You can specify the algorithm arguments:

LBF

lbf gif
  • As a package (replace "algo" and "scenario"):
  from pymarlzooplus import pymarlzooplus
  
  params_dict = {
    "config": "algo",
    "algo_args": {},
    "env-config": "gymma",
    "env_args": {
        "key": "scenario",
        "time_limit": 50,
        "seed": 2024
    }
  }
  
  pymarlzooplus(params_dict)

Find all the LBF arguments in the configuration file pymarlzooplus/config/envs/gymma.yaml.

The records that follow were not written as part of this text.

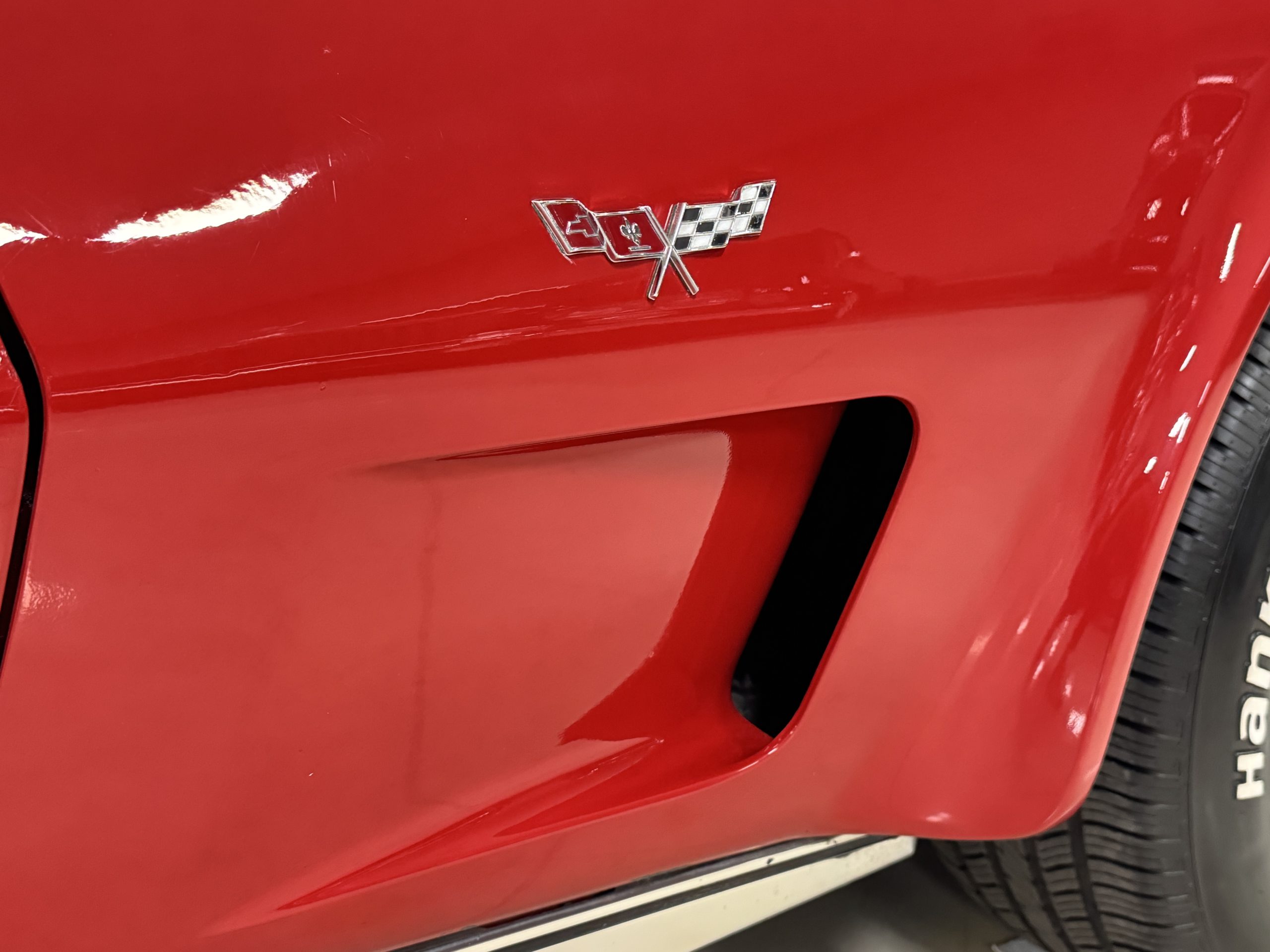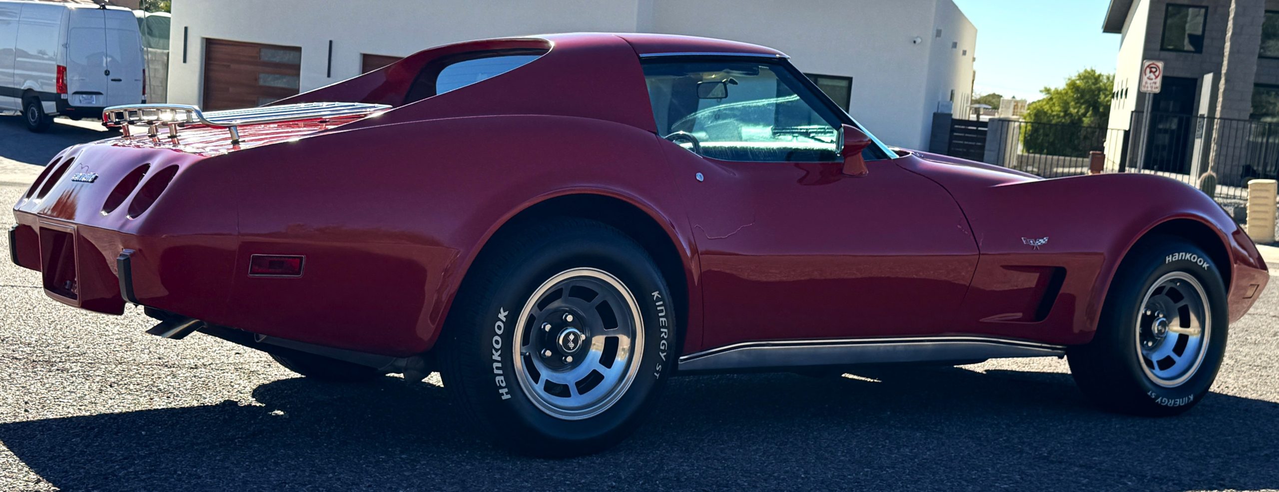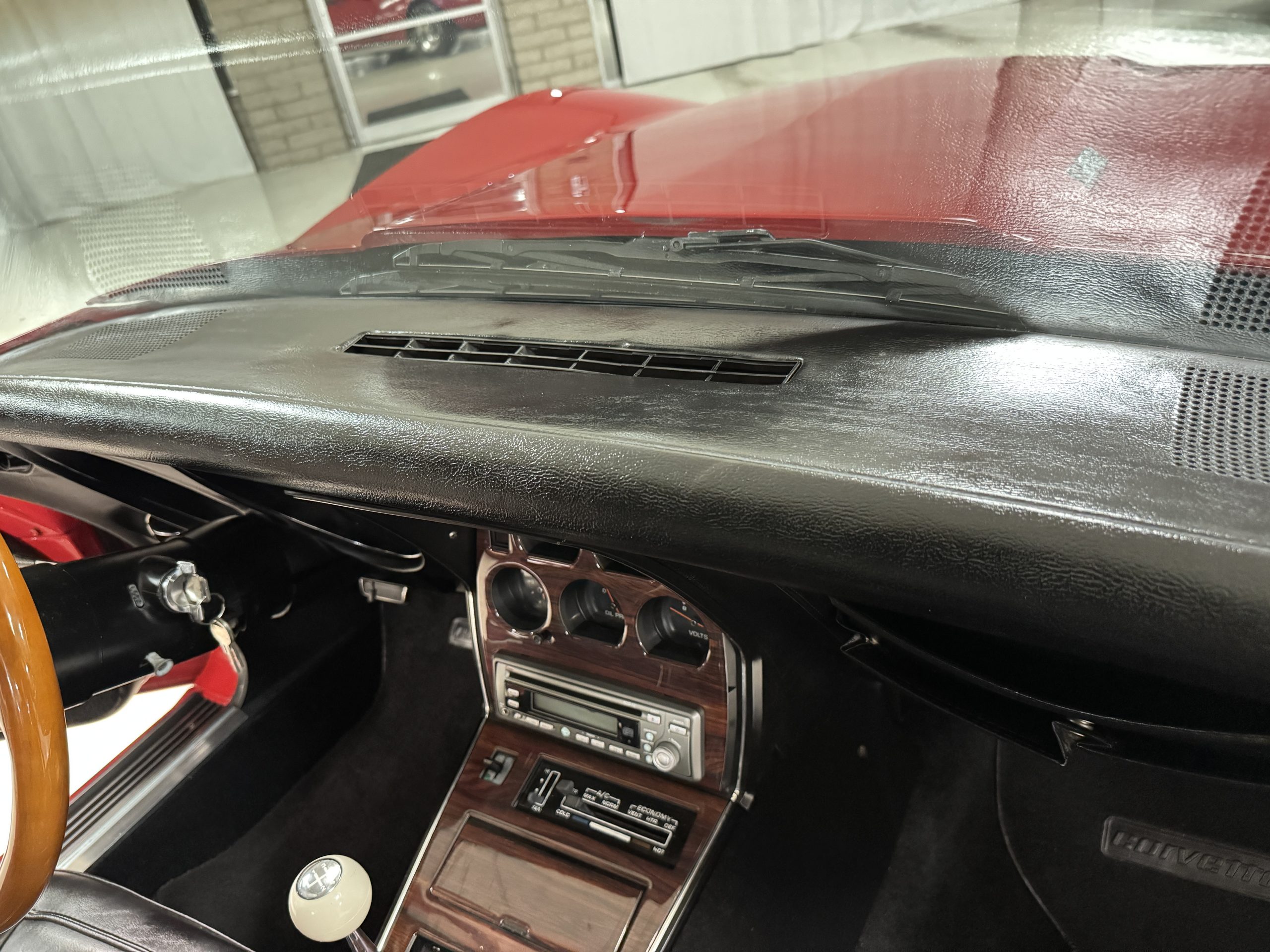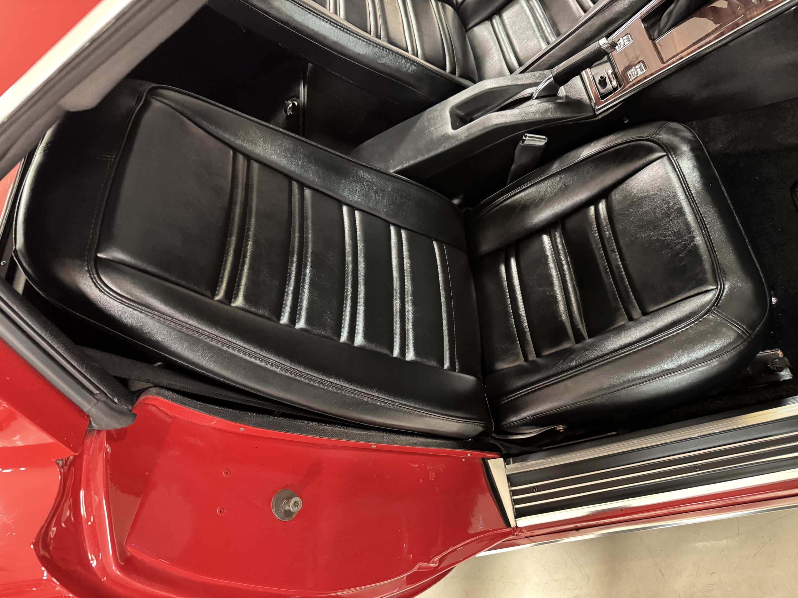 The fiberglass body retains the unmistakable C3 profile with long hood, flared fenders, pop-up headlights, straight and removable T-top roof panels. Originally finished in Black Tuxedo, this Corvette has been refinished in Red Medium which is in good overall condition. There are small paint bubbles, chips, and minor imperfections concentrated toward the front end. Body panels remain in very good overall condition, and the upgraded 15-inch aluminum wheels provide both a visual and weight-saving improvement over stock, wrapped in Hankook Kinergy 245/60R15 tires in very good condition. A rear luggage rack allows convenient T-top storage or additional cargo capacity, and 1977 marks the final year of the distinctive “sugar scoop” rear window design.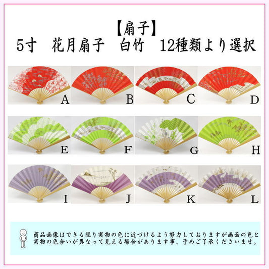 [Tea Utensils/Tea Ceremony Utensils Folding Fan] 5-inch Kagetsu Fan (Kagetsu Folding Fan) White Bamboo Choose from 12 types.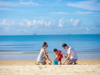 Так как лежаков не досталось, сидели на полотенцах и за неделю все трое были искусаны песчаными блохами.

  • From source (replace <algo> and <scenario>):
    python pymarlzooplus/main.py --config=<algo> --env-config=gymma with env_args.time_limit=25 env_args.key=<scenario>
    
    Before running an experiment, edit the configuration file in pymarlzooplus/config/envs/gymma.yaml.

Available scenarios (replace "scenario" or <scenario>) we run experiments (our experiments were conducted with v2):

  • "lbforaging:Foraging-4s-11x11-3p-2f-coop-v2" / "lbforaging:Foraging-4s-11x11-3p-2f-coop-v3",
  • "lbforaging:Foraging-2s-11x11-3p-2f-coop-v2" / "lbforaging:Foraging-2s-11x11-3p-2f-coop-v3",
  • "lbforaging:Foraging-2s-8x8-3p-2f-coop-v2" / "lbforaging:Foraging-2s-8x8-3p-2f-coop-v3",
  • "lbforaging:Foraging-2s-9x9-3p-2f-coop-v2" / "lbforaging:Foraging-2s-9x9-3p-2f-coop-v3",
  • "lbforaging:Foraging-7s-20x20-5p-3f-coop-v2" / "lbforaging:Foraging-7s-20x20-5p-3f-coop-v3",
  • "lbforaging:Foraging-2s-12x12-2p-2f-coop-v2" / "lbforaging:Foraging-2s-12x12-2p-2f-coop-v3",
  • "lbforaging:Foraging-8s-25x25-8p-5f-coop-v2" / "lbforaging:Foraging-8s-25x25-8p-5f-coop-v3",
  • "lbforaging:Foraging-7s-30x30-7p-4f-coop-v2" / "lbforaging:Foraging-7s-30x30-7p-4f-coop-v3"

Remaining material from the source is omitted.